Not so for Mallya. Even though he had no,
zero, experience of running any kind of airline, the banks seemed to have
absolutely no problems pouring in money. Soon enough, he bought a fleet of
planes, hired staff by enticing them away from other airlines with much greater
salary offers, and started flying operations. And in order to make his airline
stand out from among the others, he started offering things that none of the
rest did, such as paying for booking on other airlines if one of his passengers
missed a flight. And in order to keep his employees happy, he continued to pay
them more than anyone else, invited them all to gala parties, and the like.
All this, of course, was on the money he’d
borrowed from the banks. Please remember this.
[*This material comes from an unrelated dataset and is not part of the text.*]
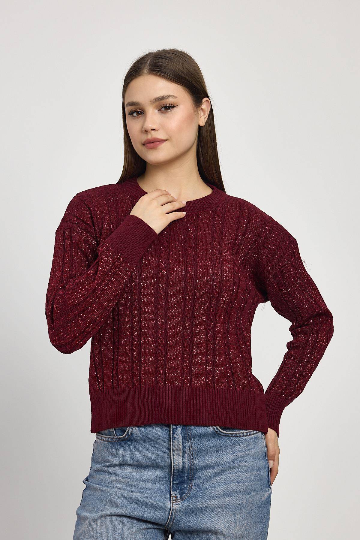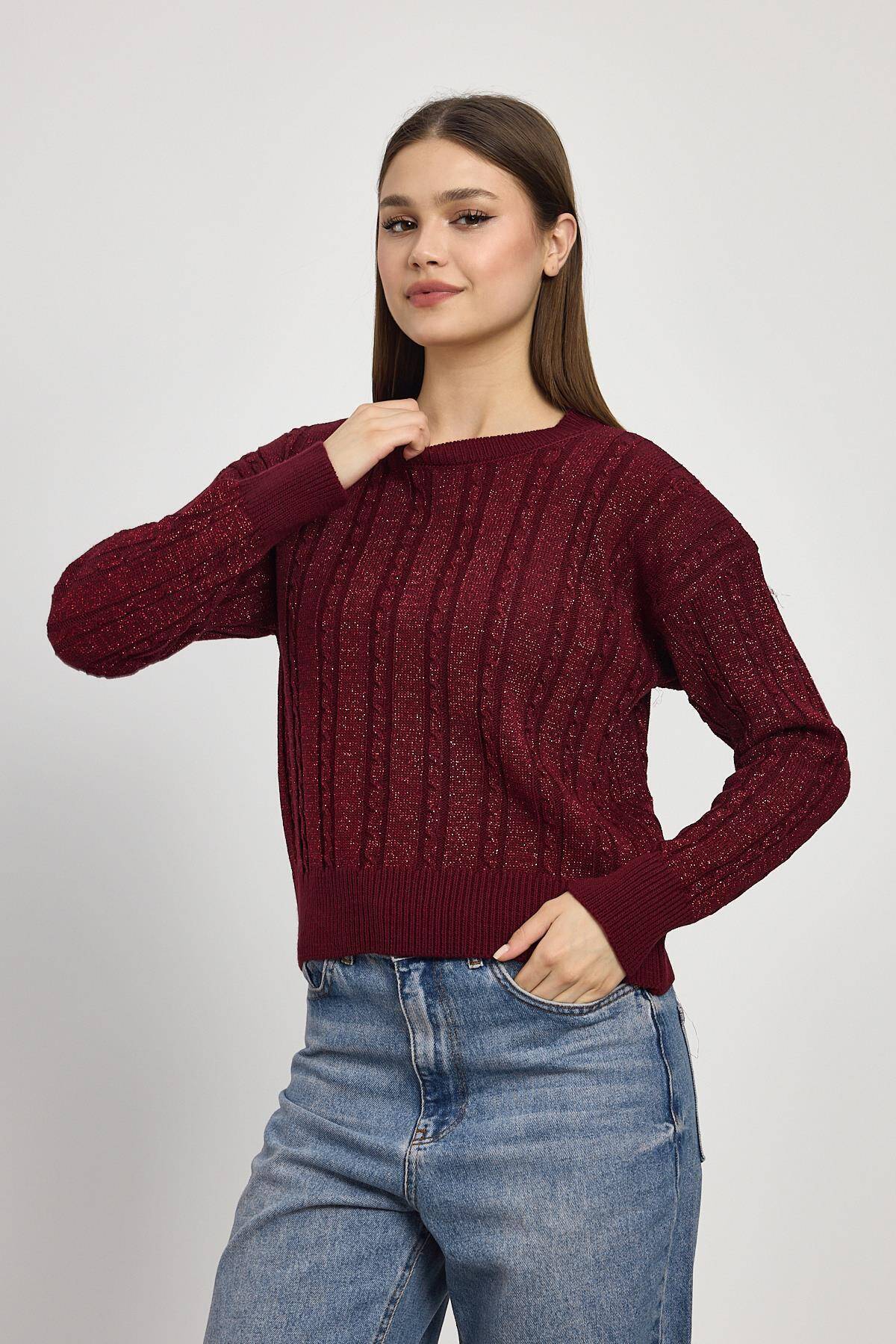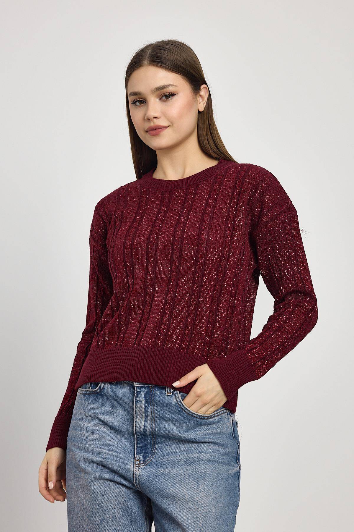 24366 Örgü Detay Simli Triko Kazak Bordo

The airline business, contrary to what a
lot of people might imagine, is actually extremely capital-intensive, and
almost all earnings are ploughed right back into keeping things going. I’ve
read that the profit margin can be as low as 3%. Therefore, if one starts out
by increasing one’s expenses far beyond the competition, one must be able to
compensate by increased income, or one will be faced with bankruptcy. And with
the strictly limited paying capacity of the Great Indian Muddle Class, one
can’t increase income beyond a very small limit because the customer will
simply choose the cheaper alternatives. This is only logical; it doesn’t need
an airline executive to figure it out.
But, apparently, this was beyond the
cognitive capacity of a beer baron.
By the mid-2000s, then, Kingfisher Airlines
was so far into the red it would have been time to man the exits. But instead
of restructuring and taking a hard look at his business model, Mallya
apparently decided that the problem was that he wasn’t flying to enough
destinations. Kingfisher Airlines, at that time, was only cleared to fly within
the country; Mallya wanted international routes.
To do this, he decided to buy another
airline.
The airline he decided on was Air Deccan.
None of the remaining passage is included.